(Work to complete) Transcribe the whole listing without a single picture.

(Material provided)
⟨

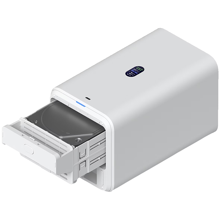 Ubiquiti UniFi UNAS-2-W-EU Network Attached Storage with (2) 3.5inch HDD bays, 2.5 GbE networking, USB-C connectivity, and an included PoE++ adapter, all in a compact footprint
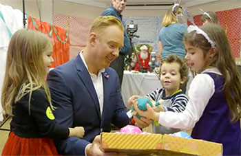 Trigger’s Toys President and CEO Bryan Townsend talks with children during a past Christmas event at Our Children’s House in Dallas. [Photo courtesy of Trigger’s Toys]
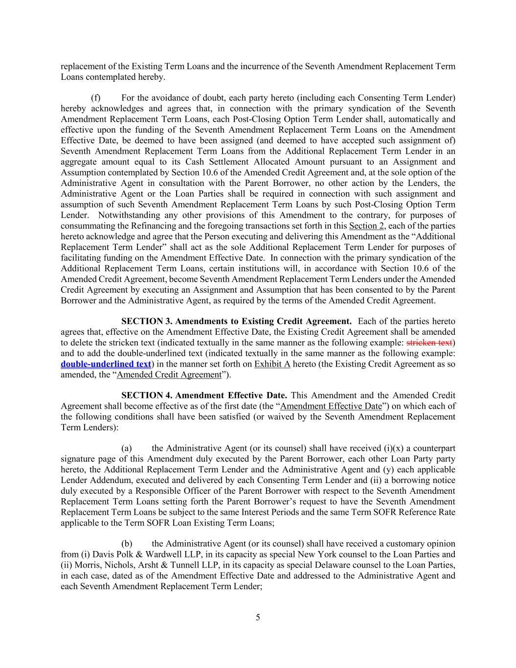 5 replacement of the Existing Term Loans and the incurrence of the Seventh Amendment Replacement Term Loans contemplated hereby. (f) For the avoidance of doubt, each party hereto (including each Consenting Term Lender) hereby acknowledges and agrees that, in connection with the primary syndication of the Seventh Amendment Replacement Term Loans, each Post-Closing Option Term Lender shall, automatically and effective upon the funding of the Seventh Amendment Replacement Term Loans on the Amendment Effective Date, be deemed to have been assigned (and deemed to have accepted such assignment of) Seventh Amendment Replacement Term Loans from the Additional Replacement Term Lender in an aggregate amount equal to its Cash Settlement Allocated Amount pursuant to an Assignment and Assumption contemplated by Section 10.6 of the Amended Credit Agreement and, at the sole option of the Administrative Agent in consultation with the Parent Borrower, no other action by the Lenders, the Administrative Agent or the Loan Parties shall be required in connection with such assignment and assumption of such Seventh Amendment Replacement Term Loans by such Post-Closing Option Term Lender. Notwithstanding any other provisions of this Amendment to the contrary, for purposes of consummating the Refinancing and the foregoing transactions set forth in this Section 2, each of the parties hereto acknowledge and agree that the Person executing and delivering this Amendment as the “Additional Replacement Term Lender” shall act as the sole Additional Replacement Term Lender for purposes of facilitating funding on the Amendment Effective Date. In connection with the primary syndication of the Additional Replacement Term Loans, certain institutions will, in accordance with Section 10.6 of the Amended Credit Agreement, become Seventh Amendment Replacement Term Lenders under the Amended Credit Agreement by executing an Assignment and Assumption that has been consented to by the Parent Borrower and the Administrative Agent, as required by the terms of the Amended Credit Agreement. SECTION 3. Amendments to Existing Credit Agreement. Each of the parties hereto agrees that, effective on the Amendment Effective Date, the Existing Credit Agreement shall be amended to delete the stricken text (indicated textually in the same manner as the following example: stricken text) and to add the double-underlined text (indicated textually in the same manner as the following example: double-underlined text) in the manner set forth on Exhibit A hereto (the Existing Credit Agreement as so amended, the “Amended Credit Agreement”). SECTION 4. Amendment Effective Date. This Amendment and the Amended Credit Agreement shall become effective as of the first date (the “Amendment Effective Date”) on which each of the following conditions shall have been satisfied (or waived by the Seventh Amendment Replacement Term Lenders): (a) the Administrative Agent (or its counsel) shall have received (i)(x) a counterpart signature page of this Amendment duly executed by the Parent Borrower, each other Loan Party party hereto, the Additional Replacement Term Lender and the Administrative Agent and (y) each applicable Lender Addendum, executed and delivered by each Consenting Term Lender and (ii) a borrowing notice duly executed by a Responsible Officer of the Parent Borrower with respect to the Seventh Amendment Replacement Term Loans setting forth the Parent Borrower’s request to have the Seventh Amendment Replacement Term Loans be subject to the same Interest Periods and the same Term SOFR Reference Rate applicable to the Term SOFR Loan Existing Term Loans; (b) the Administrative Agent (or its counsel) shall have received a customary opinion from (i) Davis Polk & Wardwell LLP, in its capacity as special New York counsel to the Loan Parties and (ii) Morris, Nichols, Arsht & Tunnell LLP, in its capacity as special Delaware counsel to the Loan Parties, in each case, dated as of the Amendment Effective Date and addressed to the Administrative Agent and each Seventh Amendment Replacement Term Lender;

⟩

(Reply)
 Ubiquiti UniFi UNAS-2-W-EU Network Attached Storage with (2) 3.5inch HDD bays, 2.5 GbE networking, USB-C connectivity, and an included PoE++ adapter, all in a compact footprint
 Trigger’s Toys President and CEO Bryan Townsend talks with children during a past Christmas event at Our Children’s House in Dallas. [Photo courtesy of Trigger’s Toys]
 5 replacement of the Existing Term Loans and the incurrence of the Seventh Amendment Replacement Term Loans contemplated hereby. (f) For the avoidance of doubt, each party hereto (including each Consenting Term Lender) hereby acknowledges and agrees that, in connection with the primary syndication of the Seventh Amendment Replacement Term Loans, each Post-Closing Option Term Lender shall, automatically and effective upon the funding of the Seventh Amendment Replacement Term Loans on the Amendment Effective Date, be deemed to have been assigned (and deemed to have accepted such assignment of) Seventh Amendment Replacement Term Loans from the Additional Replacement Term Lender in an aggregate amount equal to its Cash Settlement Allocated Amount pursuant to an Assignment and Assumption contemplated by Section 10.6 of the Amended Credit Agreement and, at the sole option of the Administrative Agent in consultation with the Parent Borrower, no other action by the Lenders, the Administrative Agent or the Loan Parties shall be required in connection with such assignment and assumption of such Seventh Amendment Replacement Term Loans by such Post-Closing Option Term Lender. Notwithstanding any other provisions of this Amendment to the contrary, for purposes of consummating the Refinancing and the foregoing transactions set forth in this Section 2, each of the parties hereto acknowledge and agree that the Person executing and delivering this Amendment as the “Additional Replacement Term Lender” shall act as the sole Additional Replacement Term Lender for purposes of facilitating funding on the Amendment Effective Date. In connection with the primary syndication of the Additional Replacement Term Loans, certain institutions will, in accordance with Section 10.6 of the Amended Credit Agreement, become Seventh Amendment Replacement Term Lenders under the Amended Credit Agreement by executing an Assignment and Assumption that has been consented to by the Parent Borrower and the Administrative Agent, as required by the terms of the Amended Credit Agreement. SECTION 3. Amendments to Existing Credit Agreement. Each of the parties hereto agrees that, effective on the Amendment Effective Date, the Existing Credit Agreement shall be amended to delete the stricken text (indicated textually in the same manner as the following example: stricken text) and to add the double-underlined text (indicated textually in the same manner as the following example: double-underlined text) in the manner set forth on Exhibit A hereto (the Existing Credit Agreement as so amended, the “Amended Credit Agreement”). SECTION 4. Amendment Effective Date. This Amendment and the Amended Credit Agreement shall become effective as of the first date (the “Amendment Effective Date”) on which each of the following conditions shall have been satisfied (or waived by the Seventh Amendment Replacement Term Lenders): (a) the Administrative Agent (or its counsel) shall have received (i)(x) a counterpart signature page of this Amendment duly executed by the Parent Borrower, each other Loan Party party hereto, the Additional Replacement Term Lender and the Administrative Agent and (y) each applicable Lender Addendum, executed and delivered by each Consenting Term Lender and (ii) a borrowing notice duly executed by a Responsible Officer of the Parent Borrower with respect to the Seventh Amendment Replacement Term Loans setting forth the Parent Borrower’s request to have the Seventh Amendment Replacement Term Loans be subject to the same Interest Periods and the same Term SOFR Reference Rate applicable to the Term SOFR Loan Existing Term Loans; (b) the Administrative Agent (or its counsel) shall have received a customary opinion from (i) Davis Polk & Wardwell LLP, in its capacity as special New York counsel to the Loan Parties and (ii) Morris, Nichols, Arsht & Tunnell LLP, in its capacity as special Delaware counsel to the Loan Parties, in each case, dated as of the Amendment Effective Date and addressed to the Administrative Agent and each Seventh Amendment Replacement Term Lender;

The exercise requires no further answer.